Over the past two years, the U.S. government has identified and developed initial strategies around what it has determined to be the technologies that are most important to national security, particularly relating to U.S.-China competition. Last year, the Under Secretary of Defense for Research and Engineering (USD(R&E)) published its technology vision and fourteen critical technology areas, and the White House’s National Science and Technology Council released [PDF] a list of nineteen “critical and emerging technologies.”
Most of the areas mentioned in official critical technology lists reflect well-publicized topics, such as supply chain challenges for semiconductors, the development of new biotechnologies (including vaccines), and the risks and opportunities presented by breakthroughs in artificial intelligence. However, some [PDF] of these technologies are not as well-known outside of the scientific community, such as “advanced manufacturing,” “advanced gas turbine engine technologies,” and “human-machine interfaces.”

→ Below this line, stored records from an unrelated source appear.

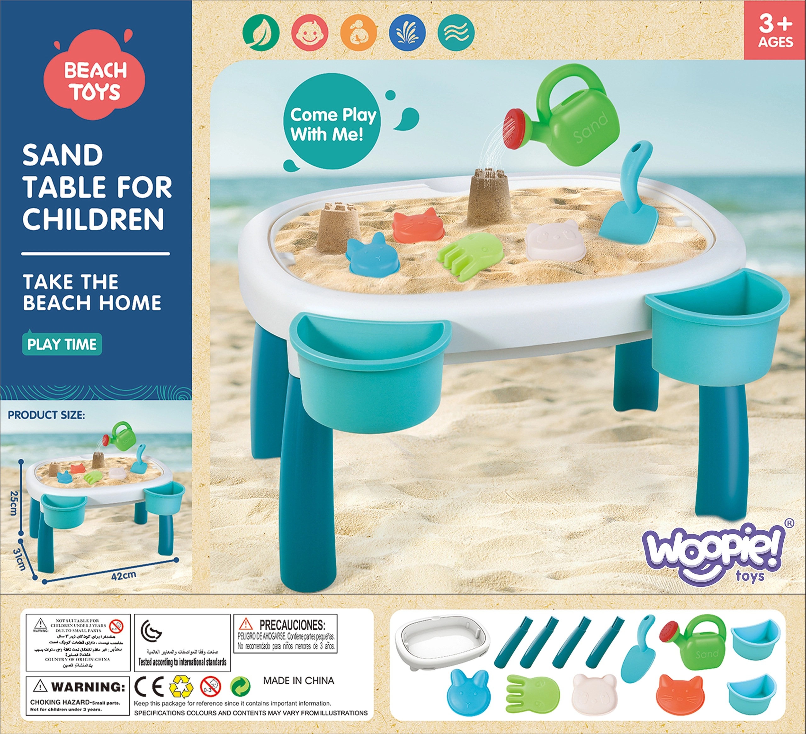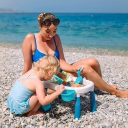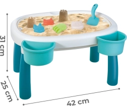 Iepakojumā ir 7 praktiski piederumi – lejkanna, lāpstiņa, 4 formiņas (astoņkājis, kaķis, panda, trusītis) un divi ieliktņi galdam. Ar tiem bērni var veidot smilšu būves, pārliet ūdeni un attīstīt radošumu un manuālās prasmes.
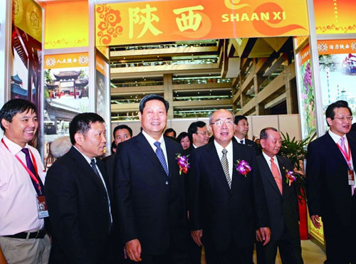 當(dāng)日上午九時(shí)許,在悠揚(yáng)古樸的秦腔曲牌聲中,“陜西風(fēng)情節(jié)”在臺(tái)北世貿(mào)中心拉開帷幕,近百家企業(yè)的300多種產(chǎn)品吸引了諸多臺(tái)灣民眾。趙正永、景俊海和吳伯雄以及臺(tái)灣商業(yè)總會(huì)理事長(zhǎng)張平沼等在參觀展覽之后,出席了活動(dòng)開幕式。趙正永在致辭中說(shuō),兩岸經(jīng)濟(jì)具有很強(qiáng)的互補(bǔ)性,不斷加強(qiáng)交流與合作,對(duì)于應(yīng)對(duì)國(guó)際金融危機(jī)和促進(jìn)經(jīng)濟(jì)持續(xù)發(fā)展具有重要意義。隨著“三通”的實(shí)現(xiàn),陜臺(tái)兩地的交流合作領(lǐng)域不斷擴(kuò)大、態(tài)勢(shì)越來(lái)越好。為進(jìn)一步凝聚共識(shí)、互惠發(fā)展,在臺(tái)灣有關(guān)方面的大力支持下,我們赴臺(tái)舉辦包括“陜西風(fēng)情節(jié)”等許多活動(dòng)在內(nèi)的“2010臺(tái)灣陜西周”,相信這次活動(dòng)會(huì)使臺(tái)灣企業(yè)和民眾更多地了解陜西,推動(dòng)陜臺(tái)合作向更高層次發(fā)展。吳伯雄在致辭中對(duì)我省舉辦臺(tái)灣陜西周表示熱烈歡迎,他說(shuō),秦中自古帝王州,陜西是中華文化的發(fā)祥地,工業(yè)基礎(chǔ)較好,資源豐富,有眾多的高校和科研單位,與臺(tái)灣有著良好的往來(lái),臺(tái)灣陜西周文化交流、認(rèn)親拜友、科技聯(lián)盟的主題,都是與臺(tái)灣合作中非常重要的問(wèn)題,陜西也具備這樣的條件和基礎(chǔ),希望以這次活動(dòng)為新的契機(jī),不斷推動(dòng)陜臺(tái)合作向更多更寬的領(lǐng)域發(fā)展。作為陜西省政府高級(jí)經(jīng)濟(jì)顧問(wèn)的張平沼,以切身經(jīng)歷說(shuō)明了大陸與臺(tái)灣加強(qiáng)合作的重要性,表達(dá)了進(jìn)一步加強(qiáng)合作的愿望。
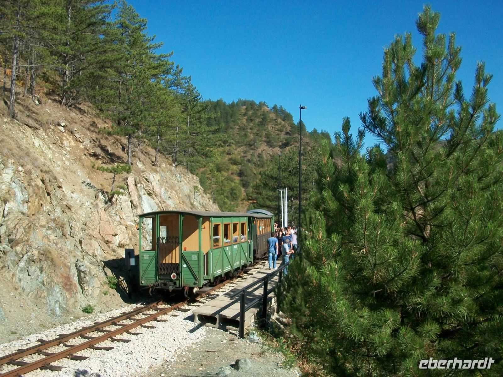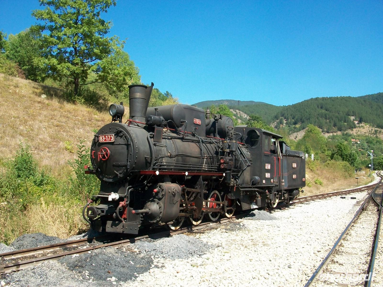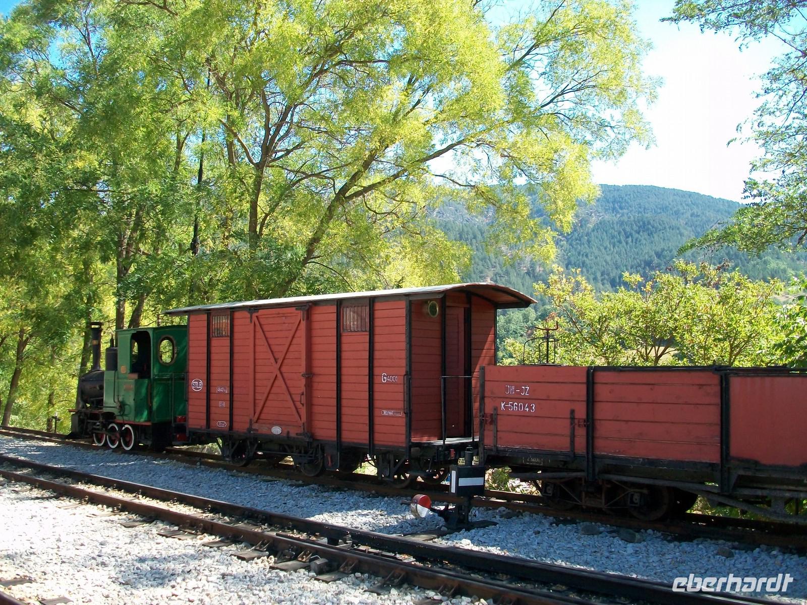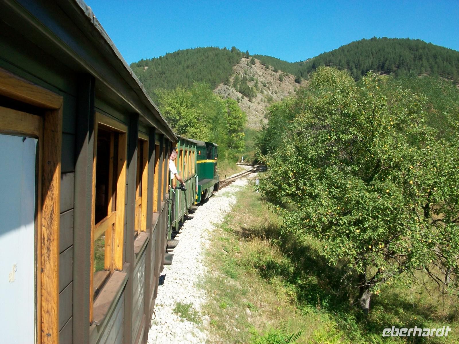 13.30 Uhr, ein greller Pfiff, ein Ruck- die Fahrt beginnt. Zuerst geht es auf der Ebene los, wir fahren an dem kleinen Ort Mokra Gora vorbei und sind dann schon bald inmitten der schönsten Natur. Wir durchfahren Waldstücke, dann wieder durch eigens für die Bahn angelegte kleine Schluchten und immer haben wir einen schönen Blick auf die grüne Natur des Spätsommers.
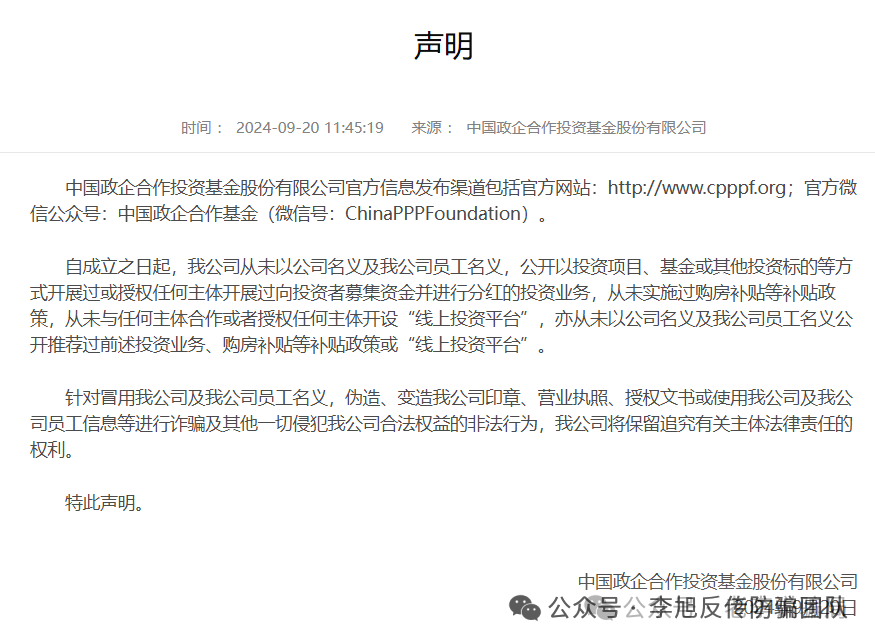 早在2024年,中国政企合作基金官方网站就曾多次发布声明,从未公开以投资项目、基金或其他投资标的等方式开展或授权任何主体开展过向投资者募集资金并进行分红的投资业务,也从未与任何主体合作或授权任何主体开设“线上投资平台”。
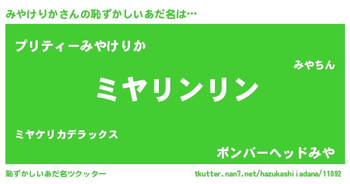 | 男性向けラノベタイトル風あだ名 | 『転生したらみやけりかだった件』 |
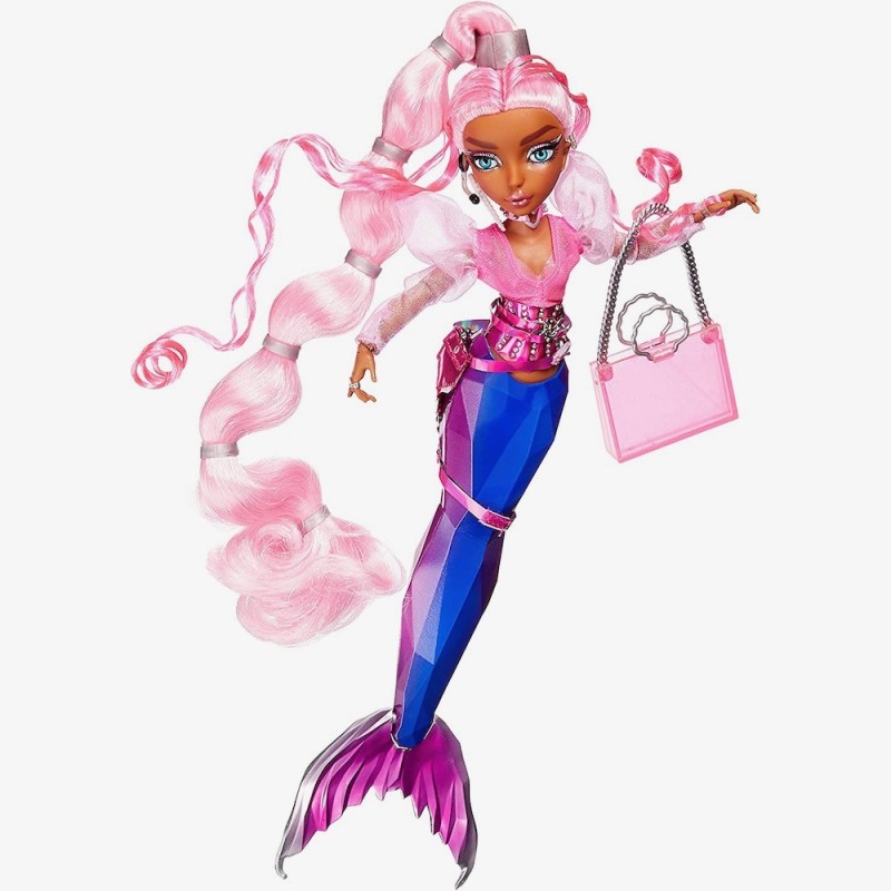 MERMAZE MERMAIDZ Muñeca de Moda Sirena Harmonique. Descubre a Harmonique, una hermosa muñeca sirena con bonitos ojos de cristal, pestañas, maquillaje de fantasía y pelo rosa claro recogido en una cola de caballo con dos rizos fucsias sueltos. Harmonique está lista para actuar con su look de estrella del pop. Lleva una blusa con hombros abullonados, un corpiño de pedrería y un cinturón. Lleva un collar de gargantilla, pendientes, auriculares y un bolso de mano. Cada muñeca Mermaze Mermaidz tiene una cola única que contiene una sorpresa mágica. Sumerge la cola en agua tibia para que se produzca el cambio de color. La cola de Harmonique cambia de morado/rosa a plateado. Edad recomendada: +4 años.

Identifying the most important technologies for national security and U.S.-China competition, especially those that don’t make headlines, currently requires an enormous amount of manual, time-consuming work, such as collecting, reading, and categorizing academic publications. This process tends to be top-down, with senior decisionmakers assigning topics for investigation to their staff. It can also be reactive, with certain technologies only being prioritized after high-profile issues emerge, such as a global pandemic, and introduce human bias. Moreover, once experts identify critical technologies, determining the entities involved and the United States’ relative standing in these fields, also known as net assessment, requires even more effort and can take months to years.
The U.S. government has a history of studying technology emergences and funding net assessments to find the next major technologies and understand how the United States compares to its adversaries in technological readiness. The Office of the Director of National Intelligence’s National Intelligence Council releases its “Global Trends report” every four years, which forecasts future technology trends, and the Department of Defense has a dedicated Office of Net Assessment. Federally funded research and development centers (FFRDCs) and non-profits also support both activities, and quantitative investment firms in the private sector similarly seek to identify emerging technologies and the entities commercializing them.
The U.S. government should align resources across the public, non-profit, and for-profit sectors by investing in the development of automated capabilities that leverage publicly available data for emerging technology detection and net assessment. Publicly available data is data that can be obtained by anyone, whether freely online, or from data vendors [PDF] for a fee. This can include patent, business intelligence, supply chain, and other types of data. Leveraging publicly available data in sophisticated analytic methodologies would enable the U.S. government to more pre-emptively and organically prioritize the next generation of critical technologies and evaluate how the United States compares to China in these areas.
It would also enable policymakers, strategists, and funding agencies to identify American and allied innovators in emergent critical technology areas faster and earlier. Instead of senior leaders tasking their staff to investigate specific technologies in the classic, top-down approach, insights on emerging technologies in U.S.-China competition would be delivered to agencies as leads generated algorithmically. Such capabilities would also enable the U.S. government to identify gaps where China is leading or lagging in discovered critical technology areas, and fields where innovation and technological maturity are comparable.
A bottom-up approach leveraging publicly available data and automation would be immune to hype and human bias toward technologies that become popularized in the media. Instead, it would enable the discovery of advances in technologies that could go unnoticed by the broader defense community, such as breakthroughs in alternative protein development, which would be essential in a foreseeable future where global fisheries are depleted.
Results from these automated processes will also be delivered faster, empowering government analysts and subject matter experts to spend more time reviewing and analyzing potential findings. This is preferable to current net assessment and emerging technology detection processes, which involve spending countless hours manually reviewing technical data from different sources.
The U.S. government should fund and oversee the development of data-driven, automated capabilities for net assessment and emerging technology detection. Because different agencies will benefit from this capability, a funding model incorporating all government stakeholders should be developed so that costs are shared fairly. Data vendors, quantitative investment firms, and other private sector partners would supply data and influence technical approaches adopted to build the product.
A capability for data-driven, automated emerging technology detection and net assessment will empower policymakers, funding agencies, and other decisionmakers to prioritize cultivating and protecting emergent, critical technologies and the innovators behind them earlier and faster than currently possible. This will enable decisionmakers to be less reactive in U.S.-China technology competition and avoid overlooking less-publicly known technologies that quietly become crucial to national security.
Connor Fairman is a systems engineer at the MITRE Corporation. The author’s affiliation with The MITRE Corporation is provided for identification purposes only and is not intended to convey or imply MITRE’s concurrence with, or support for, the positions, opinions, or viewpoints expressed by the author.